You are currently viewing PySpark StructType & StructField Explained with Examples

The StructType and StructField classes in PySpark are used to specify the custom schema to the DataFrame and create complex columns like nested struct, array, and map columns. StructType is a collection of StructField objects that define column name, column data type, boolean to specify if the field can be nullable or not, and metadata.

Advertisements

In this article, I will explain different ways to define the structure of DataFrame using StructType with PySpark examples.

Key Points:

  • StructType is a collection or list of StructField objects.
  • Defining DataFrame Schemas: StructType is commonly used to define the schema when creating a DataFrame, particularly for structured data with fields of different data types.
  • Nested Structures: You can create complex schemas with nested structures by nesting StructType within other StructType objects, allowing you to represent hierarchical or multi-level data.
  • Enforcing Data Structure: When reading data from various sources, specifying a StructType as the schema ensures that the data is correctly interpreted and structured. This is important when dealing with semi-structured or schema-less data sources.

Related Articles:

1. StructType – Defines the structure of the DataFrame

PySpark provides StructType class from pyspark.sql.types to define the structure of the DataFrame.

StructType represents a schema, which is a collection of StructField objects. A StructType is essentially a list of fields, each with a name and data type, defining the structure of the DataFrame. It allows for the creation of nested structures and complex data types.

PySpark printSchema() method on the DataFrame shows StructType columns as struct.

2. StructField – Defines the metadata of the DataFrame column

It represents a field in the schema, containing metadata such as the name, data type, and nullable status of the field. Each StructField object defines a single column in the DataFrame, specifying its name and the type of data it holds.

The StructField class is also part of pyspark.sql.types

3. Using PySpark StructType & StructField with DataFrame

Regardless of how you create a DataFrame, you have the option to specify the custom schema using the StructType and StructField classes. As highlighted earlier, StructType is a collection of StructFields; with StuctType you have an option to specify the column names, data types, and whether they’re nullable.

With StructField, you can even incorporate nested struct schemas, ArrayType for arrays, and MapType for key-value pairs.

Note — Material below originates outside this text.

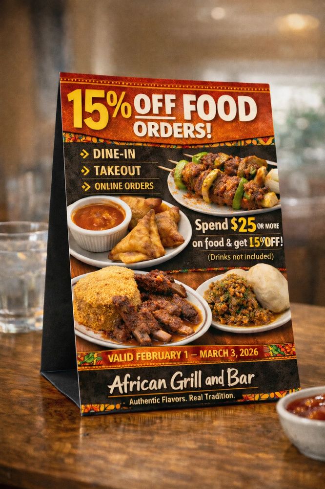USE OUR PROMO CODE aAT CHECK OUT: "Taste of Africa" ends 3/3/26. We are open Monday through Saturday from 12 PM to 9 PM. We are closed on Sundays.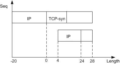 Syndrop攻擊原理和Tear Drop原理一致,區(qū)別在于Syndrop攻擊使用了TCP協(xié)議,F(xiàn)lag為SYN,而且?guī)в休d荷。

The following example demonstrates a basic example for creating a StructType and StructField for a DataFrame, along with sample data.


# Imports
import pyspark
from pyspark.sql import SparkSession
from pyspark.sql.types import StructType,StructField, StringType, IntegerType

spark = SparkSession.builder.master("local[1]") \
                    .appName('SparkByExamples.com') \
                    .getOrCreate()

data = [("James","","Smith","36636","M",3000),
    ("Michael","Rose","","40288","M",4000),
    ("Robert","","Williams","42114","M",4000),
    ("Maria","Anne","Jones","39192","F",4000),
    ("Jen","Mary","Brown","","F",-1)
  ]

schema = StructType([ \
    StructField("firstname",StringType(),True), \
    StructField("middlename",StringType(),True), \
    StructField("lastname",StringType(),True), \
    StructField("id", StringType(), True), \
    StructField("gender", StringType(), True), \
    StructField("salary", IntegerType(), True) \
  ])
 
df = spark.createDataFrame(data=data,schema=schema)
df.printSchema()
df.show(truncate=False)

By running the above snippet, it displays the outputs below.


# Output
root
 |-- firstname: string (nullable = true)
 |-- middlename: string (nullable = true)
 |-- lastname: string (nullable = true)
 |-- id: string (nullable = true)
 |-- gender: string (nullable = true)
 |-- salary: integer (nullable = true)

+---------+----------+--------+-----+------+------+
|firstname|middlename|lastname|id   |gender|salary|
+---------+----------+--------+-----+------+------+
|James    |          |Smith   |36636|M     |3000  |
|Michael  |Rose      |        |40288|M     |4000  |
|Robert   |          |Williams|42114|M     |4000  |
|Maria    |Anne      |Jones   |39192|F     |4000  |
|Jen      |Mary      |Brown   |     |F     |-1    |
+---------+----------+--------+-----+------+------+

4. Defining Nested StructType object struct

To define a nested StructType in PySpark, use inner StructTypes within StructFields. Each nested StructType is a collection of StructFields, forming a hierarchical structure for representing complex data within DataFrames.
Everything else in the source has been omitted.